Water Discharge Guidelines and Standards

The University of Newcastle has formal guidelines in place to regulate water discharges and protect environmental and public health.

Specifically:

  • The Hydraulic Services Guiding Document (v2.0 - effective since November 2024), in Section 5.7 (pages 40-46), lays out minimum requirements for stormwater and sub‑soil drainage and discharge.
  • It mandates that:

"All stormwater and sub‑soil discharges must comply with water quality and discharge rates, in accordance with the local water authority, Local Council DCP for water and flood management, and NSW EPA requirements."

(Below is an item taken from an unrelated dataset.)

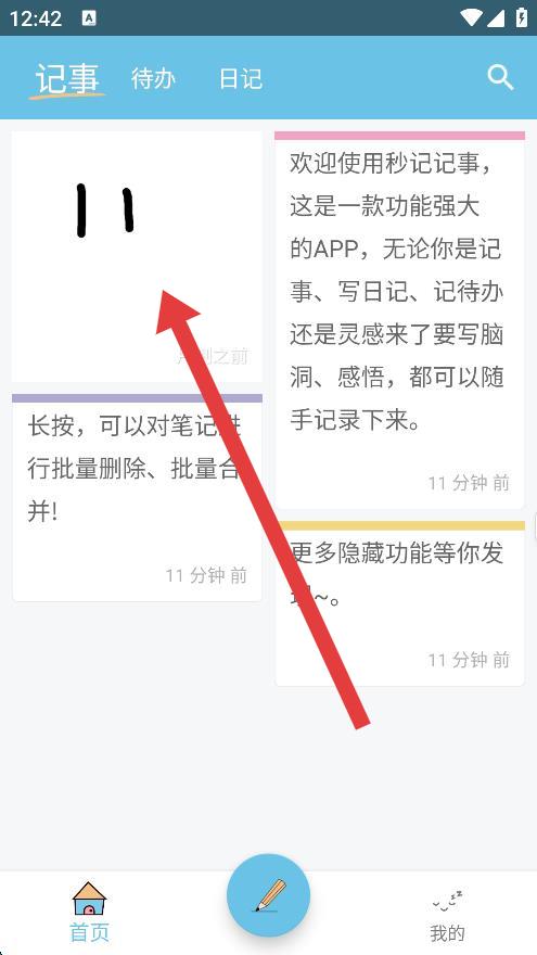 1、打開秒記記事app,點擊需要刪除的筆記,進(jìn)入筆記編輯頁面。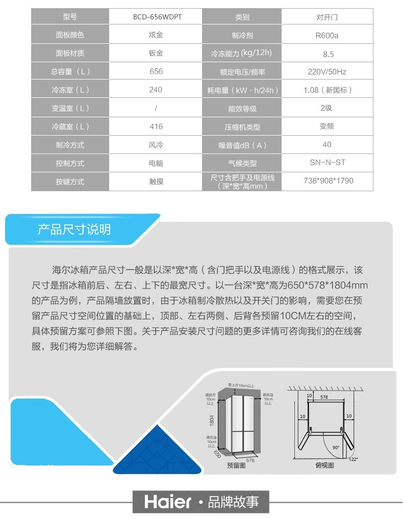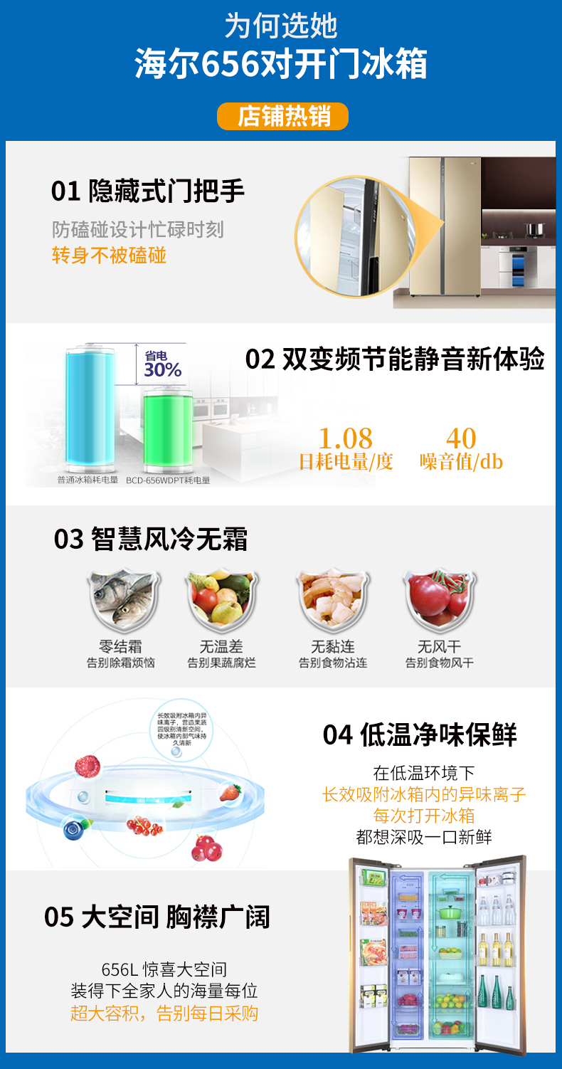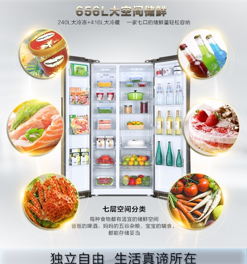 海尔(Haier) 656升风冷对开门变频节能静音无霜冰箱 ...

  • These requirements are designed to ensure that discharges do not adversely affect surrounding ecosystems, waterways, or human health.
  • The document also includes specifications for stormwater treatment, runoff control, erosion protection, and site water management to reduce the impact of campus infrastructure on hydrology and water quality.
  • Compliance with these standards is integrated into campus works, building approvals, and drainage design, ensuring that new infrastructure and modifications adhere to environmental safeguards.
Water Discharge Guidelines in Action:

Honeysuckle City Campus Development (Stage 1A) — Stormwater & Servicing Report

  • For the new Honeysuckle City Campus Development (Stage 1A), the project’s Stormwater and Servicing Report (Appendix N) includes detailed modelling, design, and justification for stormwater infrastructure consistent with local regulations and environmental safeguard expectations.
  • The report shows how the development will manage runoff, drainage paths, retention, and discharge controls so that stormwater leaving the site meets prescribed discharge rates, quality standards, and best practice design.
  • Such infrastructure includes detention/retention basins, appropriate piped systems, and consideration of downstream impacts, demonstrating alignment with the University’s Hydraulic Services standards and external regulatory requirements.

This demonstrates that the University does not merely state water discharge policies internally — but that we apply them in major campus developments, ensuring that new building and campus expansion projects comply with environmental and hydrological controls to protect ecosystems, wildlife, and human welfare.